Monday, November 9, 2009


Tuesday evening and she was grabbing her purse off the big chair and headed out the door for the five blocks to the church.  Her hair had grown long—longer than she might have thought appropriate for a grandmother, if you’d asked her six years ago.  But it didn’t matter much now, like so many other things.  Her husband might have worried about her on this walk—it was nearly five o’clock and deep into autumn, it would be dark by the time she made it to the church, and she was a woman alone—but they had resigned themselves to things, agreeing to forego the work of prediction.  
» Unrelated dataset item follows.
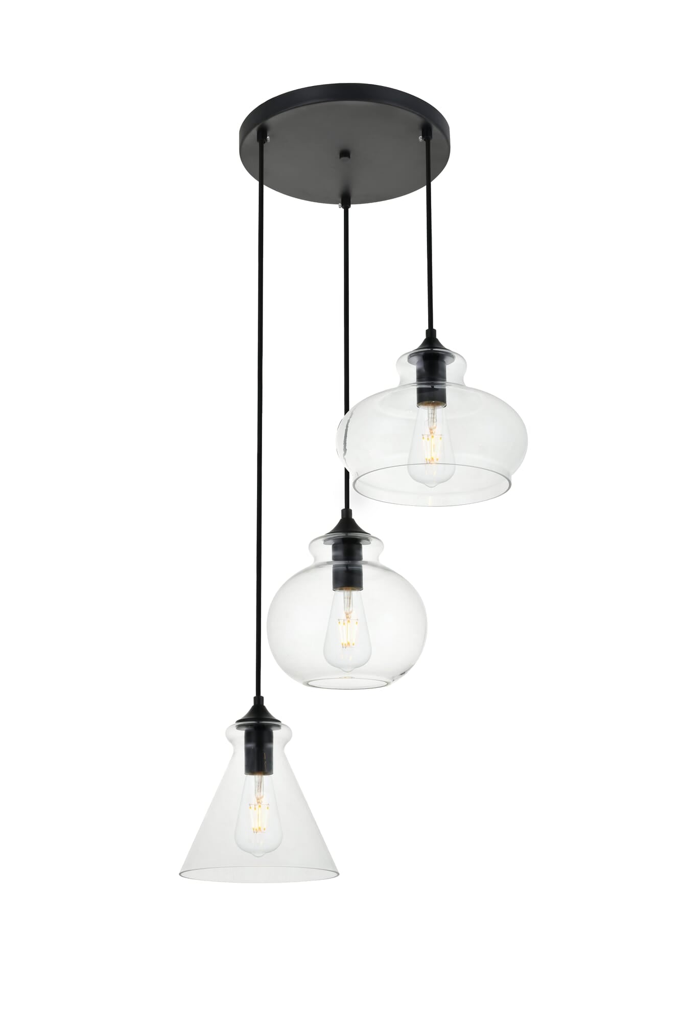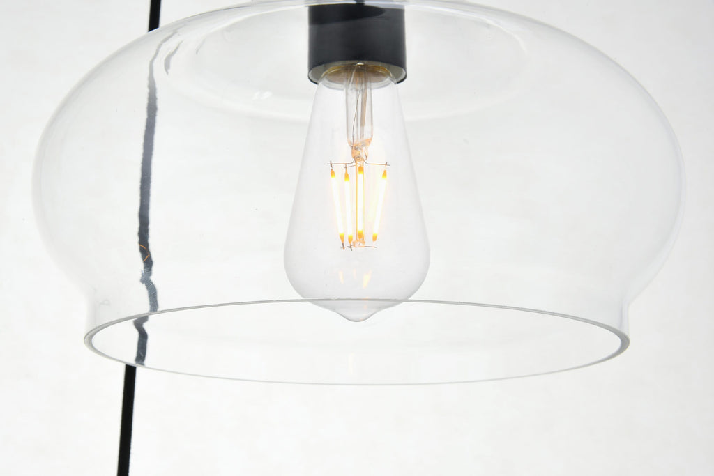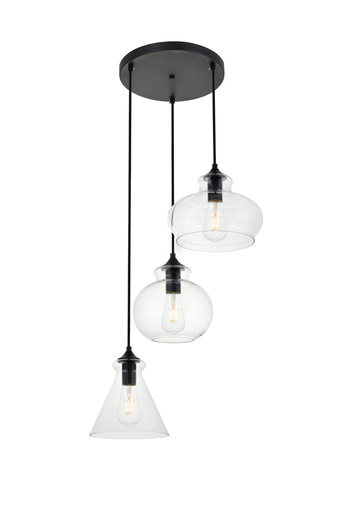Dimensions Chain/Rod Length: 79" Length: 18.5" Width: 18.5" Height: 9.4" Maximum Height: 88" Wire Length: 79" Specifications Product Type: Pendants Hanging Device: Cord Voltage: 110V - 125V Dimmable: Yes Socket Type: E26 Number of Lights: 3 Wattage/Bulb: 40 Max/Nominal Watt: 120 Wire Included: Yes ETL: Yes Harware Material: Iron Fixture Material: Iron and Glass Product Shape: Pendants Assembly Required: No Hardware Finish: Black Weight: 5.9 Product Warranty: 1 year limited Shipment type: Small Parcel

She walked along the brick pathway to the church’s back door—the only one kept unlocked this time of the day—and entered the basement.  The floors were white linoleum, but seemed speckled—it was the years of grime that the mop would never get.  To her left was the boxcar-like room that for nearly thirty years now had been used for Mother’s Day Out.  She’d brought her youngest child here each Wednesday and Friday for three years of his early life.  She could not look over there anymore, but out of the corner of her eye she saw the white of the crib bars, the room lit only slightly and with no one inside.  She didn't know if it was her real or her mind’s eye that saw the child-sized blue rocking chair in the middle of the room.  She climbed the dark staircase and knocked on the basement door that opened into the church sanctuary and waited for one of the other parents to unlock it.